# [Data section]

[Start of section]

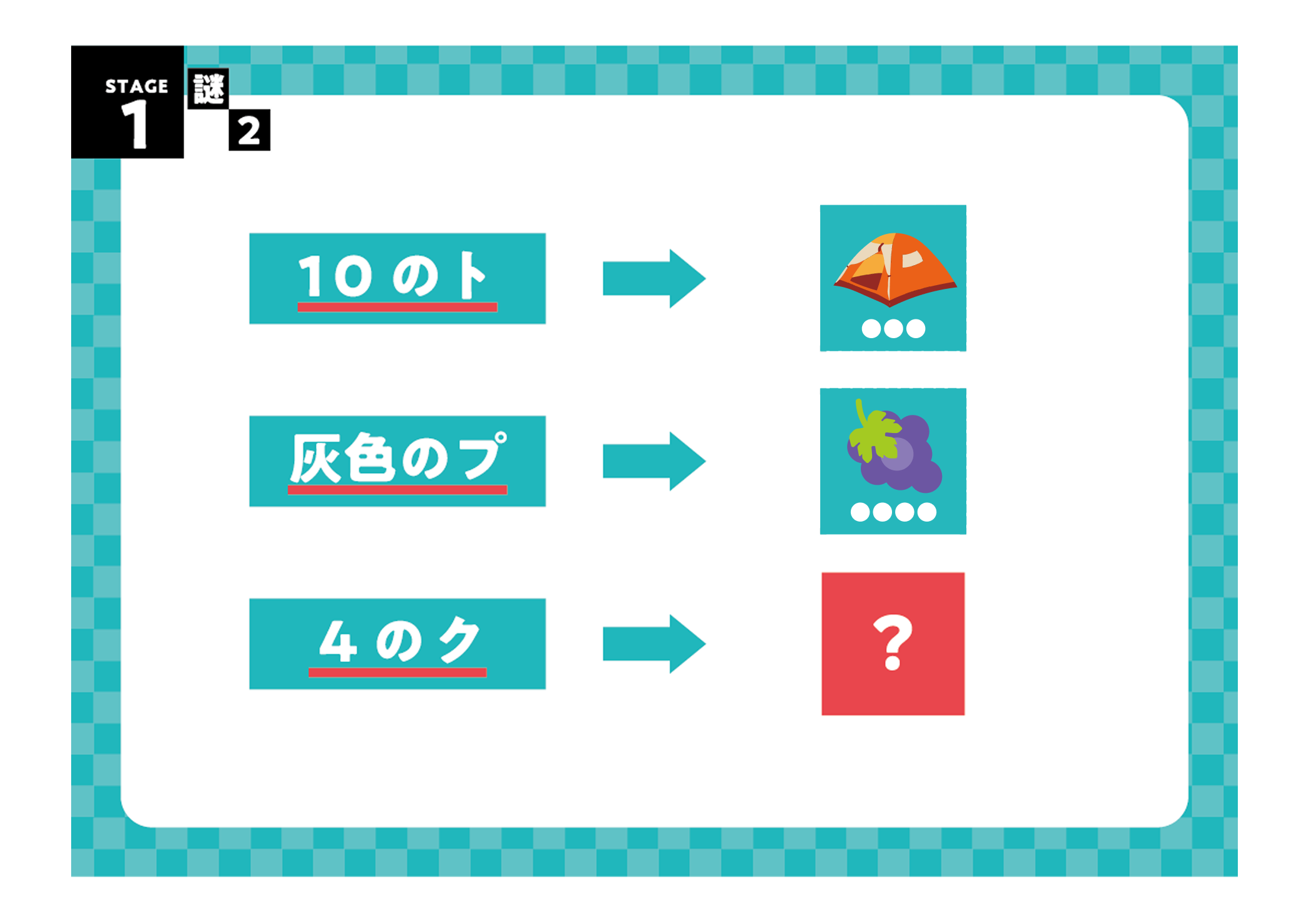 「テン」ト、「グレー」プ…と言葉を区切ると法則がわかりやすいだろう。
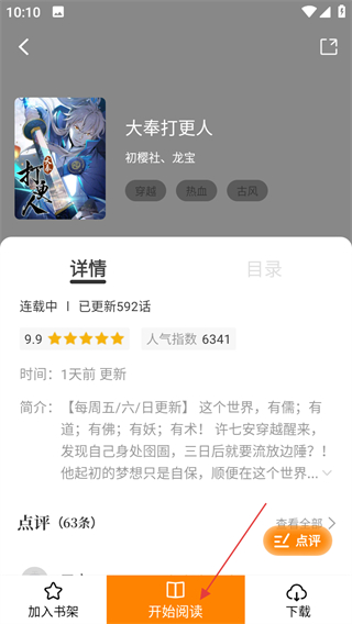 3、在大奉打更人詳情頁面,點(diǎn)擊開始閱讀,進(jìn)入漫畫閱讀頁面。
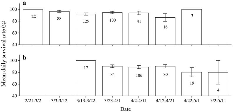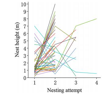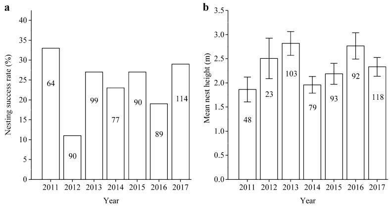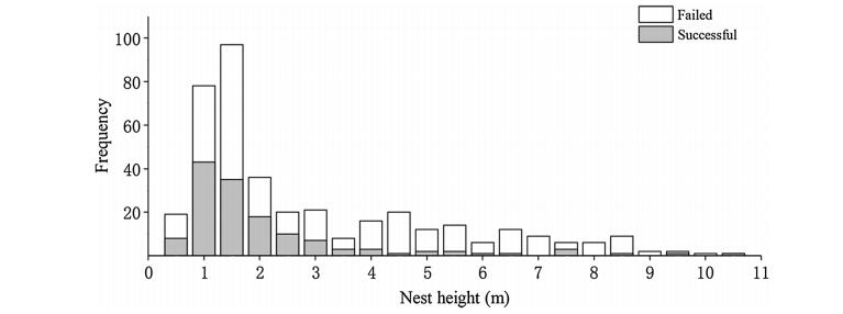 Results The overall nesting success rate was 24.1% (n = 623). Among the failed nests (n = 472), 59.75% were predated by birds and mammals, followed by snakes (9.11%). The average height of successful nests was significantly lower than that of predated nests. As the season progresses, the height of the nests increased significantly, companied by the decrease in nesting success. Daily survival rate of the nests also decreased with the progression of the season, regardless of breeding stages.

[End of section]
[Start of section]

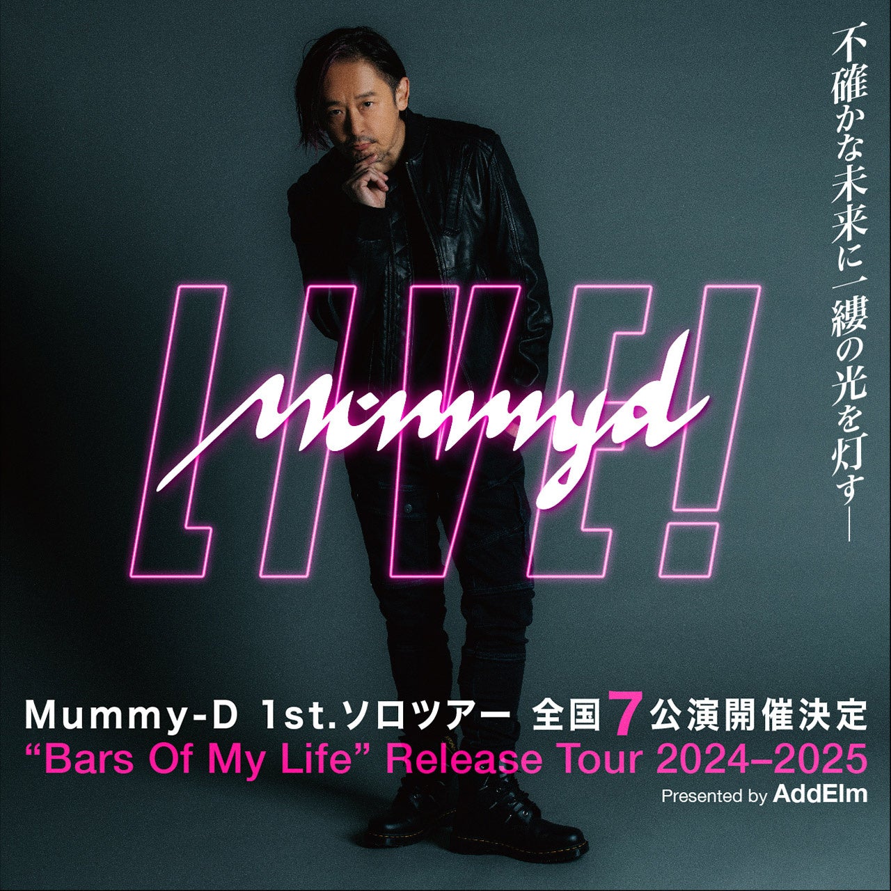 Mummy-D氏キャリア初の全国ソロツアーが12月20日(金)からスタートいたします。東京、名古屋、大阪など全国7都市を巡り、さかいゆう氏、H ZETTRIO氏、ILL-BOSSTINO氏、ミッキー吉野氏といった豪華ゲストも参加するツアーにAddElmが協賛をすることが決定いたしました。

[End of section]
[Start of section]

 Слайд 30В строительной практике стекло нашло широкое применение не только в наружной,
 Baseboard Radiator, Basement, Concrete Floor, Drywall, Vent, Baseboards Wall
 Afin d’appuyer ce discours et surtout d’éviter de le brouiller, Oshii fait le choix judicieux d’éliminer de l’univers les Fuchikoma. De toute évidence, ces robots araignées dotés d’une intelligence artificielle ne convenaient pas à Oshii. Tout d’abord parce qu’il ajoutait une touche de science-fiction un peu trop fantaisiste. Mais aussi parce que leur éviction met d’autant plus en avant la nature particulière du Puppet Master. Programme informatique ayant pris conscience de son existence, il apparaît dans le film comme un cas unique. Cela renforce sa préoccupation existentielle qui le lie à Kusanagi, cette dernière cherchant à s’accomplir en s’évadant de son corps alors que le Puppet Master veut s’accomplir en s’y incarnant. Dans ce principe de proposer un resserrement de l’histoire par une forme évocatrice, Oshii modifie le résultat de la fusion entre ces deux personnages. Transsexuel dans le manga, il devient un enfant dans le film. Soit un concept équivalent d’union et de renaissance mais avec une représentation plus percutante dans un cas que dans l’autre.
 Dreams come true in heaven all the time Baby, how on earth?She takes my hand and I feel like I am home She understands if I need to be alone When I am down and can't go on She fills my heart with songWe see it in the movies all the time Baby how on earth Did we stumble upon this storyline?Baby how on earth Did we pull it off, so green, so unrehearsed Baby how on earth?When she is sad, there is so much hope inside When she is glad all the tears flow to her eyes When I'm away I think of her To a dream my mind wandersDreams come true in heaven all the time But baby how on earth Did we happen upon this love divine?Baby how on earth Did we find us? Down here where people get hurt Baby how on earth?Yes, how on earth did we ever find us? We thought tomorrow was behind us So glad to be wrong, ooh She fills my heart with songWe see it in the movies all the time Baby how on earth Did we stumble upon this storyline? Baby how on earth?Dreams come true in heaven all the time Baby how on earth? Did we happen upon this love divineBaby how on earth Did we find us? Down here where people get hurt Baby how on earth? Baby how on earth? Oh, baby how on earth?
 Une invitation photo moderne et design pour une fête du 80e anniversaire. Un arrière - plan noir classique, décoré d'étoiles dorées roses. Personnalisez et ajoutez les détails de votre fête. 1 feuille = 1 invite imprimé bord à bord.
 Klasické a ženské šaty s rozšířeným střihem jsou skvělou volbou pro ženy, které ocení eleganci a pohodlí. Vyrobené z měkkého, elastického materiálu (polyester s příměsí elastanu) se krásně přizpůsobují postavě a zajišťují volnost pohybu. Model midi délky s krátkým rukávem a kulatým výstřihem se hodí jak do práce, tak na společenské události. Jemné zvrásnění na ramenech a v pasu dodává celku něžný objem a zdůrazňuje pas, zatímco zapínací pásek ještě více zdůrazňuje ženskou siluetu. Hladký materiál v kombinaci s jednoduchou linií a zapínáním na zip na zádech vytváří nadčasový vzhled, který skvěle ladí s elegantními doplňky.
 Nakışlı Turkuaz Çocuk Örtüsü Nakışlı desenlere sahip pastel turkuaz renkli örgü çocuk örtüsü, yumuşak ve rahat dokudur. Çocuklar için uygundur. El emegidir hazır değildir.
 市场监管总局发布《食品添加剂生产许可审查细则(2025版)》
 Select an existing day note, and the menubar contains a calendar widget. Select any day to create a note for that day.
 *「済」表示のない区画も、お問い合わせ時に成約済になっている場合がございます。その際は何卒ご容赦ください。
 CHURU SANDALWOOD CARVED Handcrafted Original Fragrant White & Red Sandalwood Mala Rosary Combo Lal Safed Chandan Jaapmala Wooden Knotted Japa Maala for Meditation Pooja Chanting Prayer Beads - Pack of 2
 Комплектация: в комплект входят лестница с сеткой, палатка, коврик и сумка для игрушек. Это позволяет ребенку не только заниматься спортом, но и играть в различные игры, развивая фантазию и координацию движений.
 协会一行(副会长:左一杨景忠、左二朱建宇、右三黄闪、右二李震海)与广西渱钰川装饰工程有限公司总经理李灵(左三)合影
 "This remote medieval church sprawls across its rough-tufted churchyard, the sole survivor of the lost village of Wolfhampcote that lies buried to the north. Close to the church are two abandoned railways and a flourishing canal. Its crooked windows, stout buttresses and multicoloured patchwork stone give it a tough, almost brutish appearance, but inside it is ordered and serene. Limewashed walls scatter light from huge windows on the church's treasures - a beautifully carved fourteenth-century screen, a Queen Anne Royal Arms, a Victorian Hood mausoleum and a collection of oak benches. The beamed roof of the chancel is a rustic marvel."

[End of section]

# [Work instructions]
Determine how many of the lines above include the word "только", then give that number and nothing else.

# [Worked solution]
2